Trading Lessons from The Art of War

Trading Lessons from The Art of War
Revered the world over for centuries as the essential text for warfare and battle by the ancient philosopher and general Sun Tzu (544 BC–496 BC) explains the principles for dealing with war, personal conflicts, and achieving success in the battles of life.

Here are ten principles I believe we can translate to trading the markets.

“Appear weak when you are strong, and strong when you are weak.” – Sun Tzu, The Art of War

The markets can defeat us when it appears strong when it is extremely overbought and due for a reversal or it appears weak but is extremely oversold and due for a bounce. When a daily chart is at the 70 RSI, 3rd upper Bollinger Band, or 3rd upper ATR Keltner Channel it may appear strong but the odds are it is weak and ready to reverse lower. When a daily chart is at the 30 RSI, 3rd lower Bollinger Band, or 3rd lower ATR Keltner Channel it may appear weak but the odds are it is strong and ready to bounce.

“If you know the enemy and know yourself, you need not fear the result of a hundred battles. If you know yourself but not the enemy, for every victory gained you will also suffer a defeat. If you know neither the enemy nor yourself, you will succumb in every battle.” – Sun Tzu, The Art of War

A trader must know both their own weaknesses and strength and their trading system’s positive expectancy thoroughly. If you are self aware and know how your system works you don’t need to stress over the results of your next 100 trades.

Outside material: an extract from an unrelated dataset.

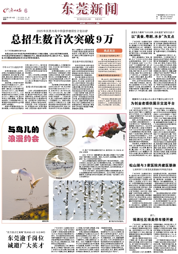- 与鸟儿的浪漫约会 文、图/广州日报全媒体记者卢政 通讯员张小玲、陈桂培、梁勇新、周珊珊 近日,“打鸟”这一摄影圈热词火爆出圈,长焦镜头下的飞羽瞬间成了春天最动人的注脚。其实,不必远行,在洪梅镇,同样可以感受一场

“The supreme art of war is to subdue the enemy without fighting.” – Sun Tzu, The Art of War

A trader should not be trying to beat the market they should be going with the flow of price action.

“Let your plans be dark and impenetrable as night, and when you move, fall like a thunderbolt.” – Sun Tzu, The Art of War

Don’t talk about your positions and don’t try to make predictions and have strong opinions, just trade your strategy with focus and discipline and make money quietly.

“Supreme excellence consists of breaking the enemy’s resistance without fighting.” – Sun Tzu, The Art of War

Don’t fight trends that are taking place only enter at the moment of a new break out of a range.

“In the midst of chaos, there is also opportunity” – Sun Tzu, The Art of War

Extreme market moves and volatility can create some of the best trading opportunities.

“Victorious warriors win first and then go to war, while defeated warriors go to war first and then seek to win” – Sun Tzu, The Art of War

Profitable traders first win by backtesing, doing historical chart studies, and creating a trading system with a positive expectancy model, then they start trading real money. Unprofitable traders just start buying and selling based on random opinions and hope to make money.

“Engage people with what they expect; it is what they are able to discern and confirms their projections. It settles them into predictable patterns of response, occupying their minds while you wait for the extraordinary moment — that which they cannot anticipate.” – Sun Tzu, The Art of War 

Find repeatable patterns in the price action of the markets that you can use to create profitable trading signals for.

“Opportunities multiply as they are seized.” – Sun Tzu

A larger watchlist of stocks and markets provides more opportunities for profitable trades across additional charts if they backtest well. 

“Thus we may know that there are five essentials for victory:
1. He will win who knows when to fight and when not to fight.
2. He will win who knows how to handle both superior and inferior forces.
3. He will win whose army is animated by the same spirit throughout all its ranks.
4. He will win who, prepared himself, waits to take the enemy unprepared.
5. He will win who has military capacity and is not interfered with by the sovereign.”
– Sun Tzu, The Art of War

There are five essentials for profitable trading:

  1. There is a time to trade and time not to trade, you must know the difference to make money. 
  2. A trader must know how to trade in different types of markets, uptrends, downtrends, sideways, and volatile. 
  3. A trader must not let their emotions be moved to lose discipline by euphoria after wins or depression after losses. 
  4. A trader’s primary job is to have the patience to wait for their signals and not chase price action. 
  5. That trader who can follow their profitable system without being led astray by their ego or emotions will find success.